Start of Block
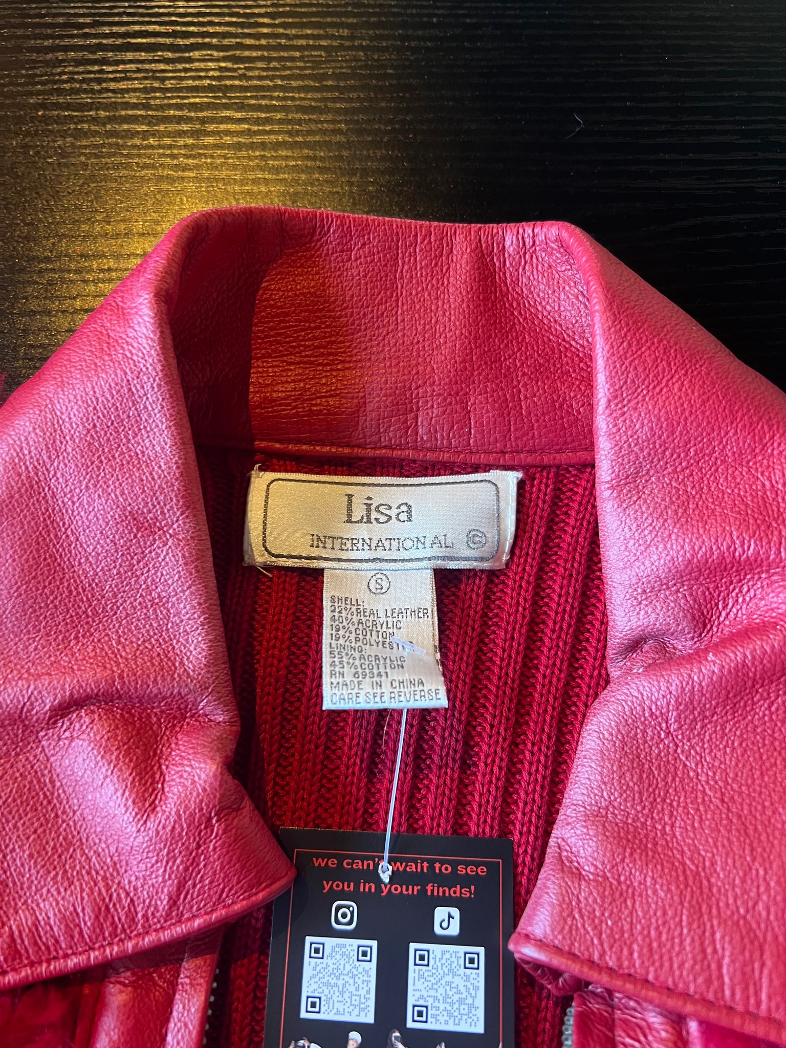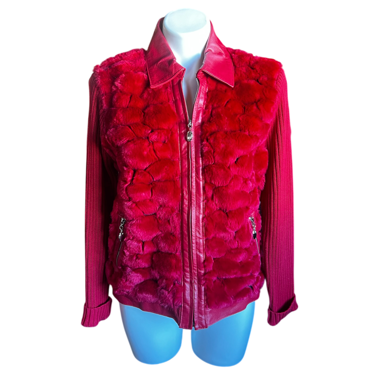 Red faux fur knit sweater jacket with red leather detailing and silver zippers.
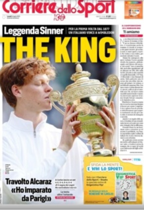 1- لاغازيتا ديلو سبورت: اسطورة ويمبلدون الجديدة، اول ايطالي يفوز باللقب
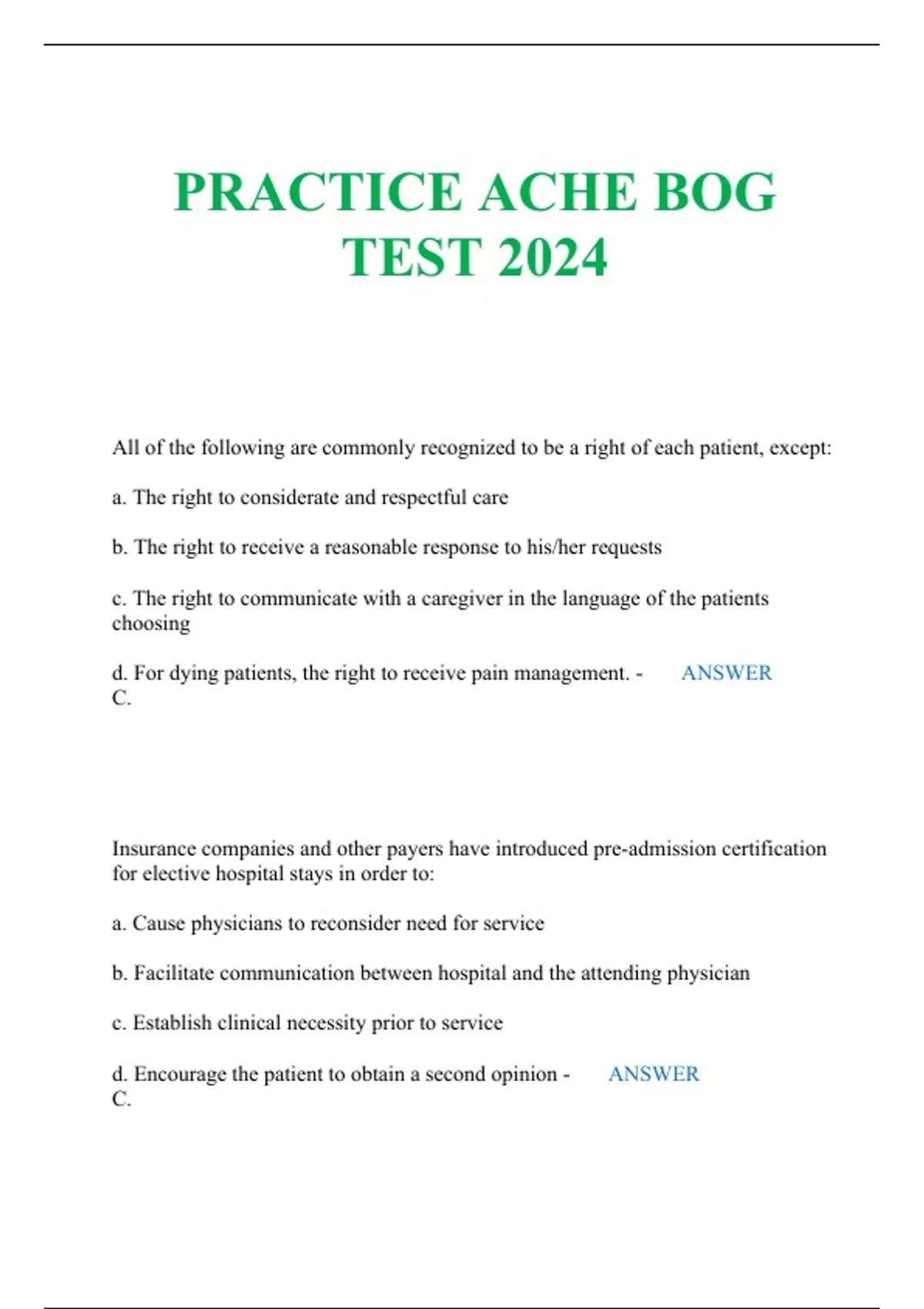 PRACTICE ACHE BOG TEST 2024 All of the following are commonly recognized to be a right of each patient, except: a. The right to considerate and respectful care b. The right to receive a reasonable response to his/her requests c. The right to communicate with a caregiver in the language of the patients choosing d. For dying patients, the right to receive pain management. - ANSWER C. Insurance companies and other payers have introduced pre-admission certification for elective hospital stays in order to: a. Cause physicians to reconsider need for service b. Facilitate communication between hospital and the attending physician c. Establish clinical necessity prior to service d. Encourage the patient to obtain a second opinion - ANSWER C. Guidelines produced by the Agency for Health Care Policy and Research: a. Have been shown to decrease healthcare costs b. Rarely need to be revised c. Provide starting points for managing individual patients d. Have been shown to improve the quality of care - ANSWER C. CEO compensation should be based on: a. The compensation arrangements with the prior CEO b. Executive compensation in local corporations with similar gross revenues c. Present salary plus cost-of-living adjustment d. What the institution would have to pay for a similarly prepared person if that person were employed elsewhere - ANSWER D. An essential function of the governing board is to: a. Approve the mission, vision, and long-range plan b. Focus on strategic planning c. Prepare the operating plan d. Review performance of departmental activities - ANSWER A. Members of the medical staff are eligible for full membership on the governing board in the same manner as other individuals: a. When not legally prohibited b. When they do not actively practice in the organization c. When they are not full-time employees d. If they are not foreign nationals - ANSWER A. Regarding the budget, the board: a. Does not use the budget exercise as a way to improve quality and productivity b. Gets involved in preparing budgets for all operational units c. Decides which personnel are needed in top management d. Establishes guidelines and makes final choices among competing opportunities - ANSWER D.
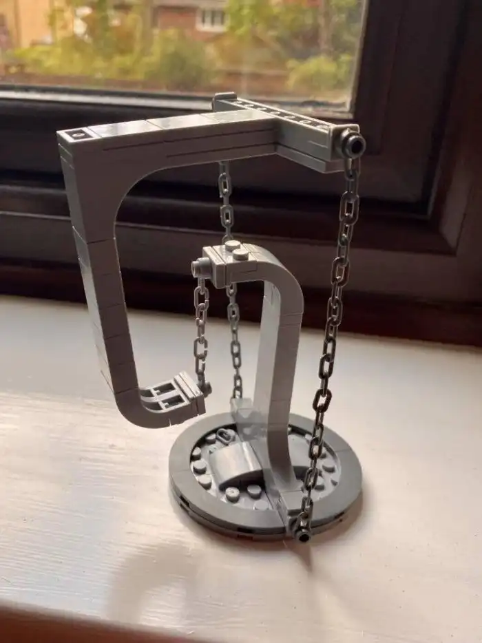 25. Башня, построенная по принципу "тенсегрити" (самонапряженная конструкция) из ЛЕГО; верхняя часть держится только на цепях
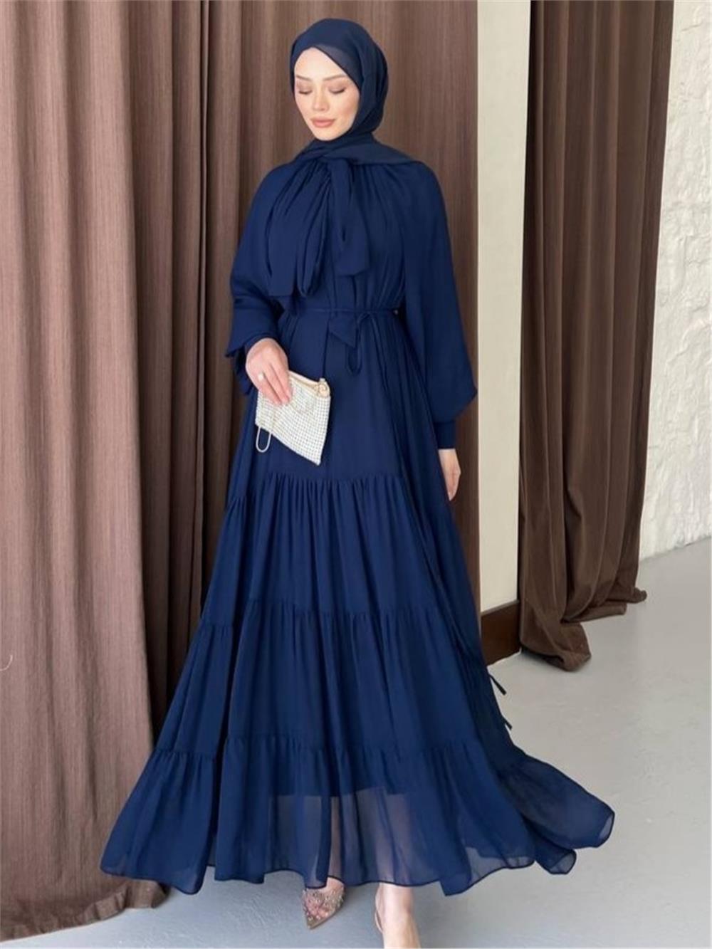 Yakası Fular Detaylı Eteği Parçalı Şifon Elbise -Laci (114-5731-R03)
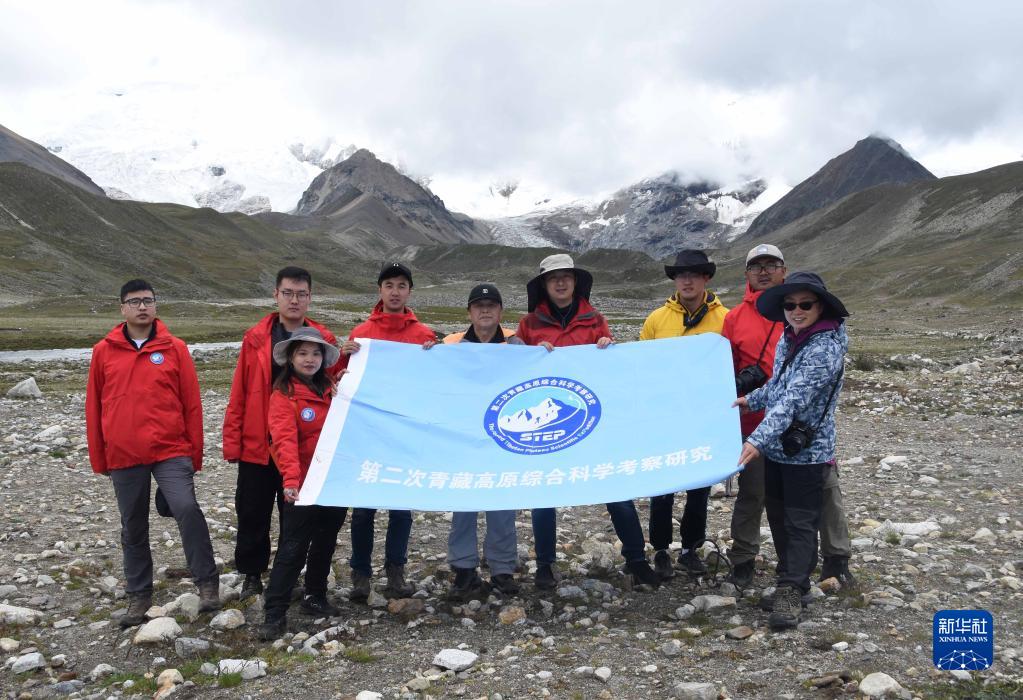 8月24日,在西藏日喀則市區(qū)域內(nèi)的喜馬拉雅山脈一處雪山下,中科院地理科學與資源研究所客座教授李渝生(中)和年輕隊員們合影。 新華社記者 杜剛 攝
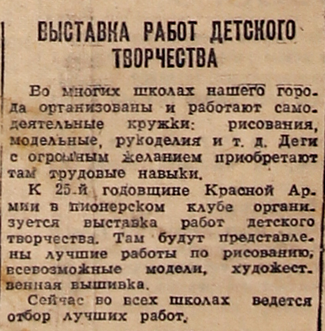 К 25-й годовщине Красной Армии в пионерском клубе организуется выставка работ детского творчества. Там будут представлены лучшие работы по рисованию, всевозможные модели, художественная вышивка.
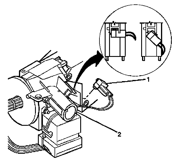 8. Insert J 42759 into the ignition lock cylinder case (1) and slide the ignition switch (2) out.
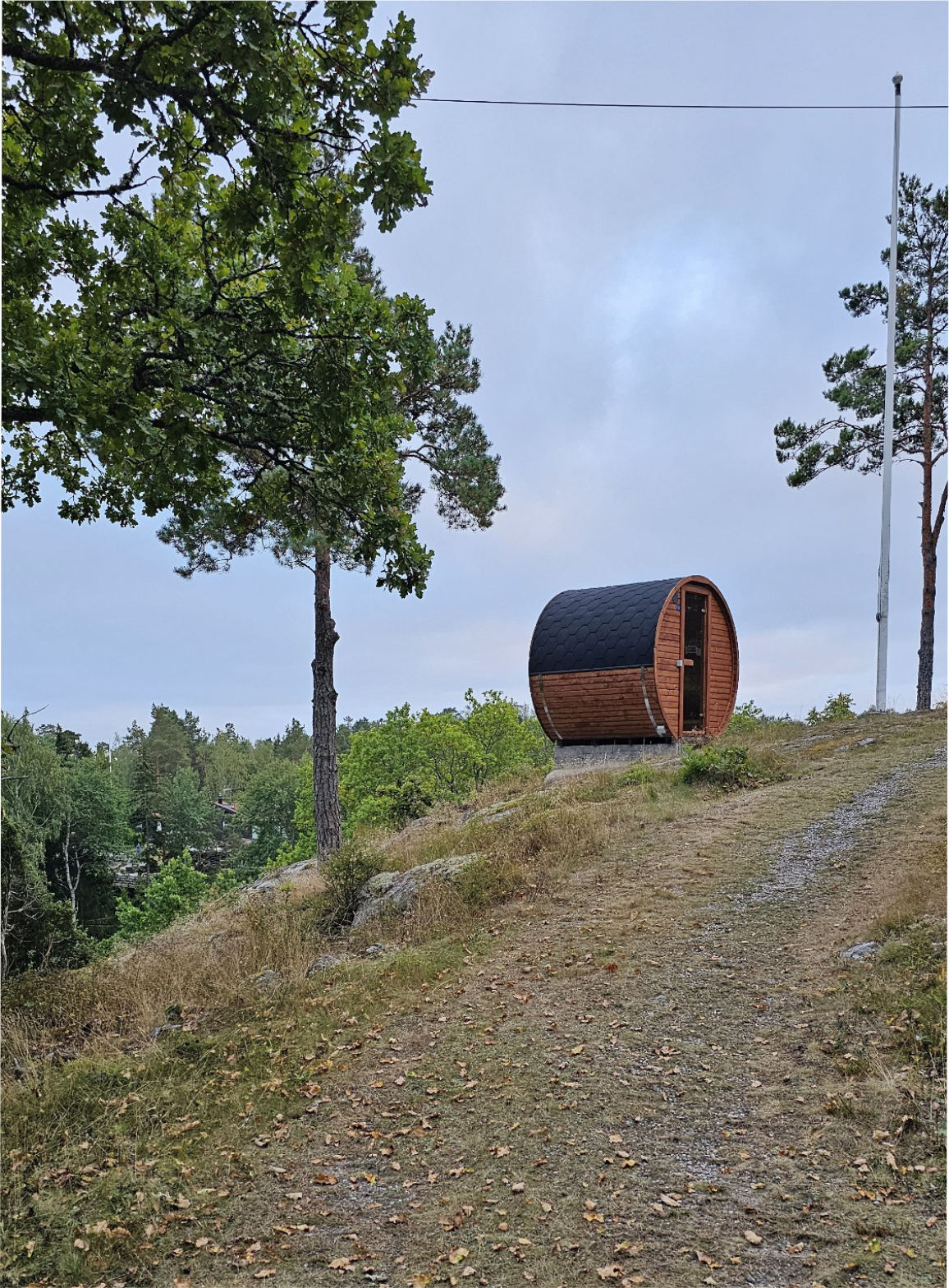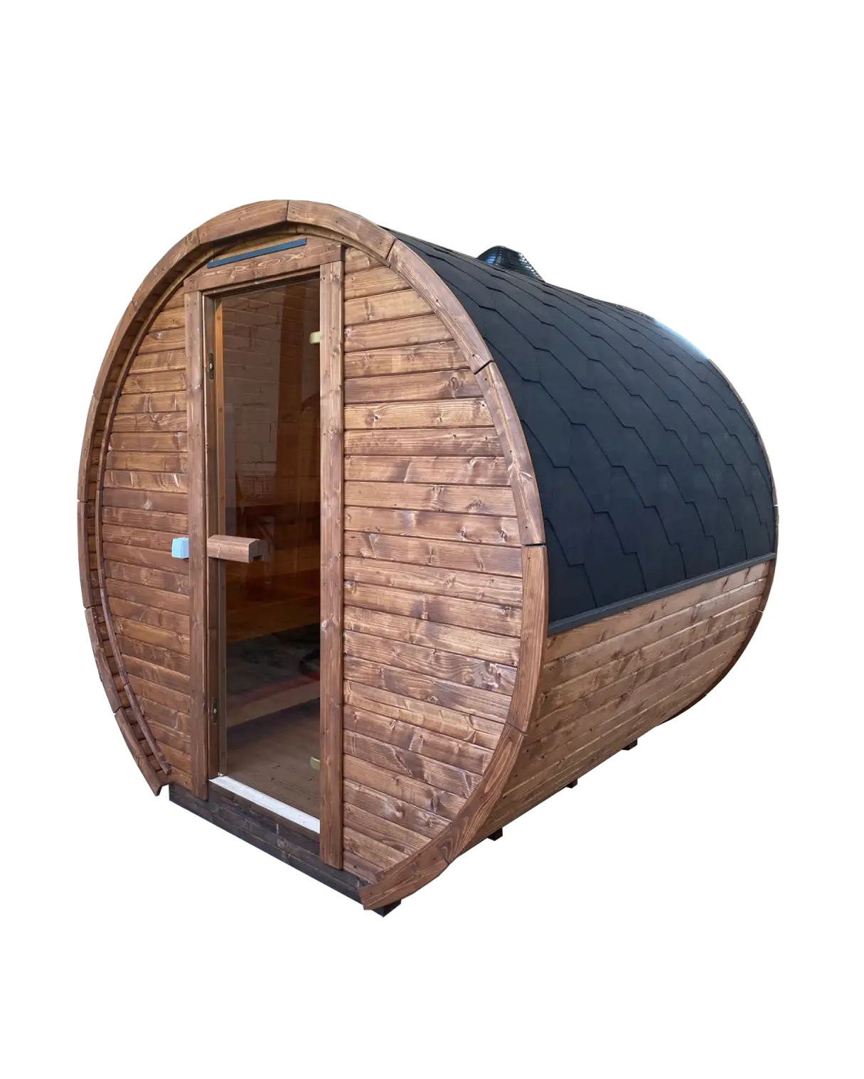 → Fully assembled and ready-to-use 2M sauna barrel made of spruce wood.
End of Block
# [Exercise brief]
Output must match the lines from the start of the records above through the line that contains "1- لاغازيتا ديلو", exactly and with every picture removed.

# [Worked solution]
 Red faux fur knit sweater jacket with red leather detailing and silver zippers.
 1- لاغازيتا ديلو سبورت: اسطورة ويمبلدون الجديدة، اول ايطالي يفوز باللقب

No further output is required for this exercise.